Today has been a good day. Last week I started getting more tired again and having racing thoughts and needing yet more time at home alone and more sleep etc. (it’s all relative….some versus more). But it was frustrating, as things will be. So at my doctor’s appointment on Tuesday, he upped my dose of Respirdall, and it seemed to help almost immediately. I still can’t go just anywhere I want to whenever I want to (it’s a l.o.n.g way from that), but the blessing was that it’s better again.
So I rested yesterday (Saturday) and last night, in the hopes of making church today.
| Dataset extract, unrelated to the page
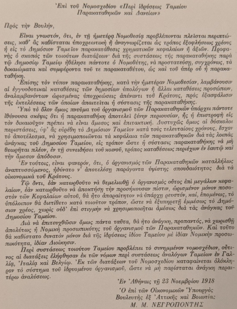 Letter to Greek parliament from minister of Finance Miltiades Negropontes, on the formation of the Consignment Deposit And Loans Fund - 1918

And I did! I woke up around 8:30am. And I was fine. No nightmares, hardly any racing thoughts. And it was a really good day.
For years I have avoided, whenever possible, sharing a hymn book with someone at church and holding it with them (me with one hand, them with one of their hands, for those not familiar) because my hands shake and I’m pretty sure it’s more inconvenient for them to try to read it with my hand shaking, thus shaking the whole book. If my hand is shaking enough, I’ll just hand it to them. Anywhere in between and I feel awkward.
Today in Relief Society (women’s meeting) the woman next to me offered (as usual) to hold one side of the book, and….my hand wasn’t shaking! First time in years! Maybe this Respirdall is helping more than I realized. My hands were shaking this morning while I was doing dishes, but that they can “settle down” is giving me hope.